Почему я выбрал именно ее? Нетронутую, чистую девочку. Потому что такие, как она, не умеют притворяться и симулировать. У Софии все честно, на эмоциях и инстинктах, она еще не научилась лгать и притворяться. Если ей больно-она плачет, если хорошо-не может этого скрыть, как бы ни хотела.
От каждого моего толчка она сдавленно стонет и сжимает бедра сильнее, тем самым стискивая член, вынуждая меня хрипло рычать ей в ухо. Мне оху*нно хорошо, а ей от этого больно.

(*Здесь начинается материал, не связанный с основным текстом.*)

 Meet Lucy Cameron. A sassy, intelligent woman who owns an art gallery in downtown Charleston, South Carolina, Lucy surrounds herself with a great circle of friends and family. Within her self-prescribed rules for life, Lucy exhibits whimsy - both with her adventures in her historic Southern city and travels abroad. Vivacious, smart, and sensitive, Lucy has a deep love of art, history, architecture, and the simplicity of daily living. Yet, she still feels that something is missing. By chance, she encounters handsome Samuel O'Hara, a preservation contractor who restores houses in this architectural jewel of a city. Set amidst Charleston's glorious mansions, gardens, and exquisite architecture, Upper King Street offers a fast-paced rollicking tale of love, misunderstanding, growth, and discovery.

— Расслабься, я сказал! Впусти меня! — требую, поворачиваю голову к себе и впиваюсь в губы, чтобы полностью отключить ее контроль.
Все! Терпеть и сдерживаться нет сил. Я сам себя уже не контролирую. Слишком вкусная девочка. Углубляю поцелуй и начинаю двигаться быстрее, грубее, глубже, сильнее, растирая клитор. Поглощаю ее вопли, чтобы нас не услышали, ощущаю, как трясутся ее бедра, как девочка шокировано замирает и вскрикивает в мои губы, содрогаясь, начиная оседать.
— Да, моя маленькая! Вот так! Это охрененно хорошо, если не сопротивляться, — хрипло шепчу ей в губы, собирая последние, уже жалобные стоны. И с ума схожу от того, как сильно сокращаются мышцы лона. Первый оргазм от настоящего секса, он незабываем, он сносит ударной волной и контузит. Она уже в экстазе. И я чувствую то же самое, вколачиваюсь в нее, сильно вжимая в кафель, чтобы не упала, и кончаю глубоко внутри горячего лона. Мне кажется, что мой оргазм бесконечен, теряю ориентиры, и пространство плывет, а по телу растекается блаженство. Да! Я не ошибся в выборе.